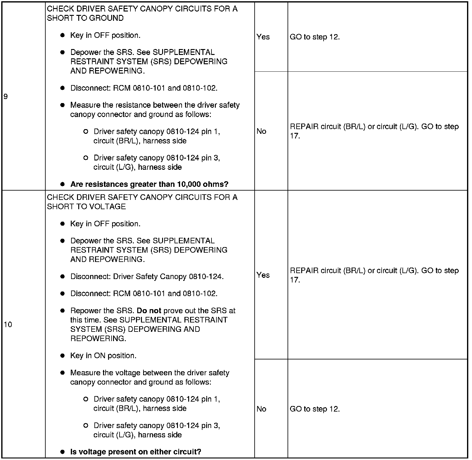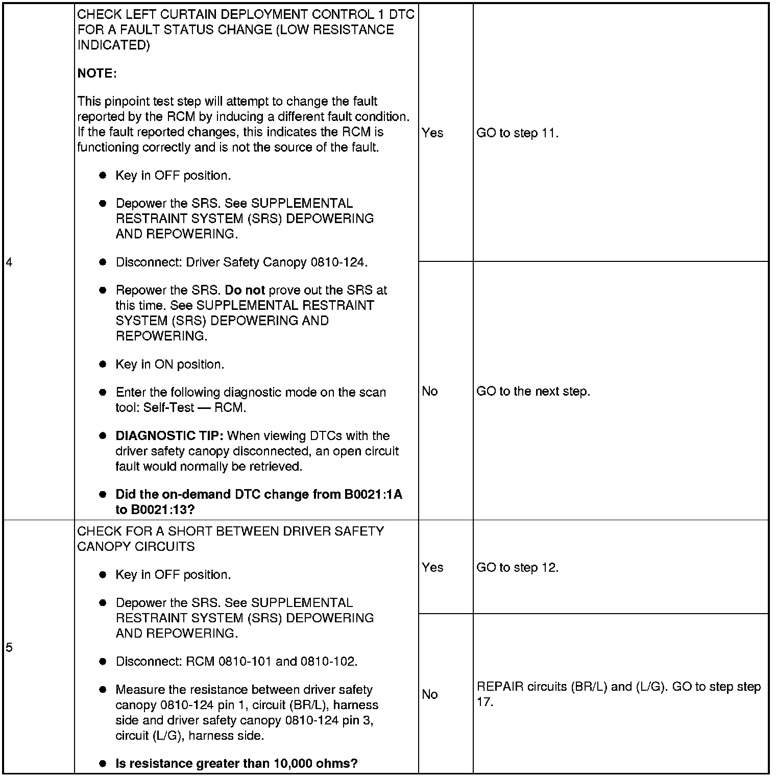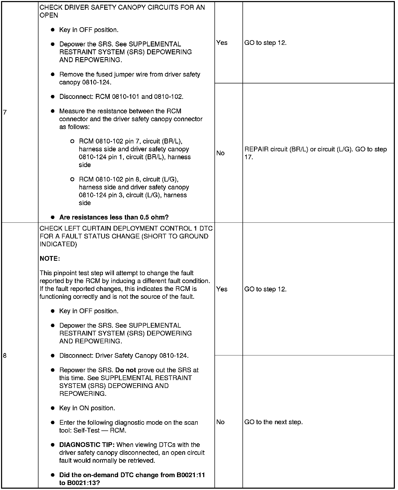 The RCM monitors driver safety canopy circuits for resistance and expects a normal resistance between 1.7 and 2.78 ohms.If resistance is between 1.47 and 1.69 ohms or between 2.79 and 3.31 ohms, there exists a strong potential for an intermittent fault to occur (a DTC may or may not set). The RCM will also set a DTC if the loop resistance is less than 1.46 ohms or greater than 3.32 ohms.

==

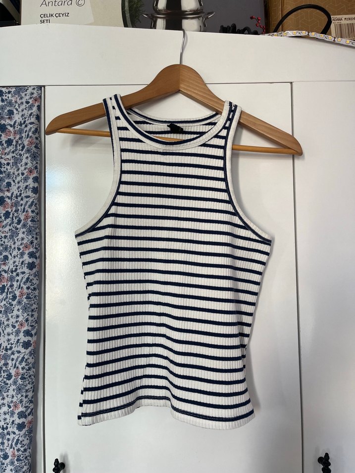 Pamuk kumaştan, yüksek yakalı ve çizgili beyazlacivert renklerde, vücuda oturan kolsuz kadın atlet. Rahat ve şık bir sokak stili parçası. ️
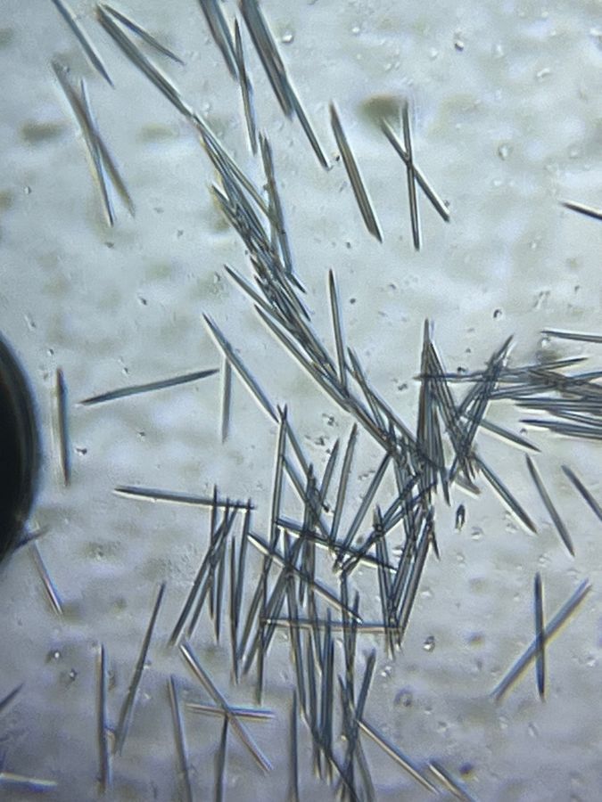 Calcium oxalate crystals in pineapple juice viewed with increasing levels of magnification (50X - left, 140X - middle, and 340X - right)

◆ **Goal of the exercise**: Extract the part of the records that opens with the line containing "Pamuk kumaştan, yüksek" and closes with the line containing "Calcium oxalate crystals". Take only those lines, exactly, and no pictures.

◆ **Result of this task**:
 Pamuk kumaştan, yüksek yakalı ve çizgili beyazlacivert renklerde, vücuda oturan kolsuz kadın atlet. Rahat ve şık bir sokak stili parçası. ️
 Calcium oxalate crystals in pineapple juice viewed with increasing levels of magnification (50X - left, 140X - middle, and 340X - right)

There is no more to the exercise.